To Enjoy on the Journey – BR Style

We all know too well that a delight for the English is a smartly phrased criticism of a national organisation, which, however true at first, simply proves too popular to resist its constant use many years beyond its justification.

For BR at least, though many other criticisms will no doubt come to our audience's mind, the most favoured and still used one is that aimed at the BR sandwich!

Dry, tasteless and definitely curled at the edges, lamenting its life on the Station Refreshment Room counter under a plastic or glass domed cover, this was the popular image of BR take away food, which caused the BR management to urgently employ even the likes of Prue Leith to try to make it history.

Well, from our Great Western Trust archive collection, we proudly illustrate three images of a BR pamphlet of that era, which was their attempt to substantially change its packed meal image and offering.

As steam engine and period train enthusiasts, we have to comment that whilst it was hardly the main subject of the pamphlet, surely BR could have directed the graphic designers to do rather better than their over simplistic sketch of a steam train?

Oh well, grumble aside and we now turn to the main content. Our archive holds examples of the finely styled and crafted containers the GWR once produced for similar use (a future Blog will focus on them), but as yet, we have never found one of the kind shown on the pamphlet cover! This may well be a result of them being a ‘throw away’ item, as they would have suffered from staining etc from their purchased contents. It would be a nice discovery to find that an example does exist ‘somewhere in England’ though.

Quite how long this initiative lasted, and its degree of popularity is yet to be discovered. The pamphlet has been illustrated in full as its contents and prices are worthy of being fully appreciated.

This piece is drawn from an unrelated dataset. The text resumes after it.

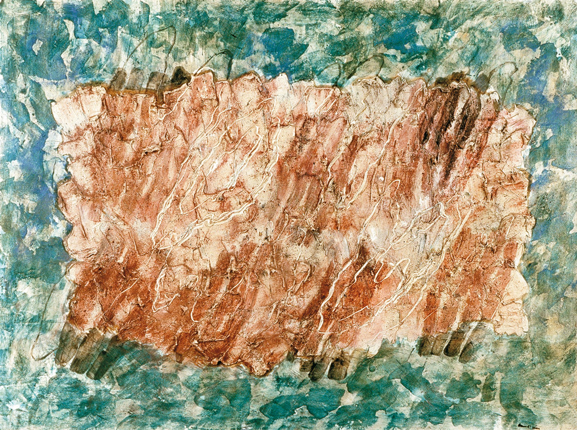 His most famous series, Hostages, was created in and outside Paris during the Second World War; colours and lines (a contour? a profile?) were laid over thickly worked, impasted grounds suggesting flesh, with a disturbing eroticism. These so-called hautes pâtes (literally “raised pastes”), which together with their titles imply bodies or presences, vibrate with the horror he apparently witnessed. La juive and Sarah (both 1943) pay tribute to Jewish female victims of atrocities, before the focus on Hostage Heads. (Fautrier’s father may, indeed, have been Jewish.) The Hostages series was reprised in 1957, reacting to the Soviet invasion of Budapest. Fautrier’s later work played on striated signs over hautes pâtes in pastel colours, where happier titles, often based on jazz tunes, offer clues to mood or meaning (I’m Falling in Love, 1957).
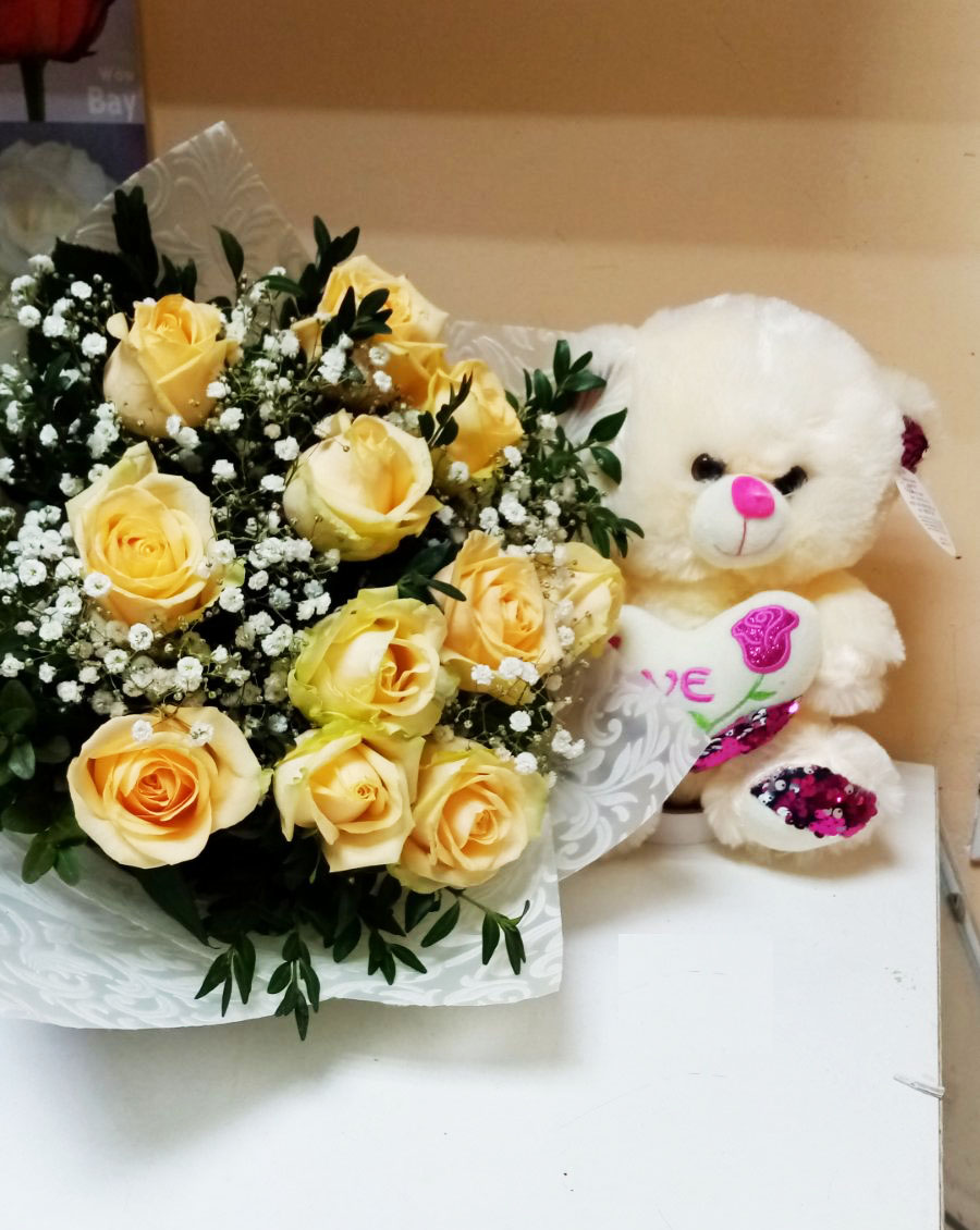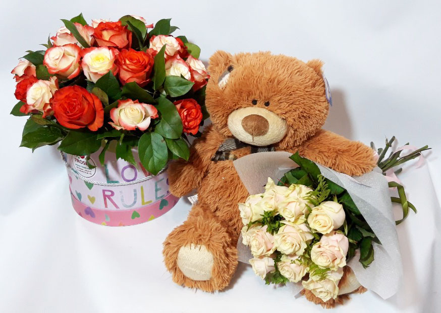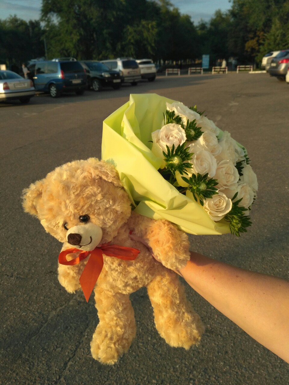Фото наших получателей цветов и подарков - Симпатичный курьер с розами

Our final comment is to point out the helpfully inserted notice on the back section about ‘Service of Tea from Insulated Urns’. In a far less Health and Safety and dare we say litigious age, there is no mention of the cautionary warning, ‘this contains hot liquid’ for those paper cups!


TUESDAY 14 JUNE

GWR Staff Social & Recreational Events – No 3

In our 28 July 2020 and our February 2022 Blogs, we covered both the GWR Staff Association Music Festival of 1939 and a programme for a production of The Gondoliers, a Gilbert & Sullivan Opera, by the Swindon (GWR) Mechanics Institution Amateur Dramatics Society on May 17 to 20 1905.

We explained that they were just examples from one of the most significant elements of the Great Western Trust Collection, our vast array of material and artefacts relating to the GWR (and then BRWR) staff recreational activities. We reflected that in our current times it was perhaps hard to imagine any large company supporting financially, let alone organising on the scale of the GWR, the breadth of activities and their year-on-year assured organisation. Well, our item today only goes to further that reflection.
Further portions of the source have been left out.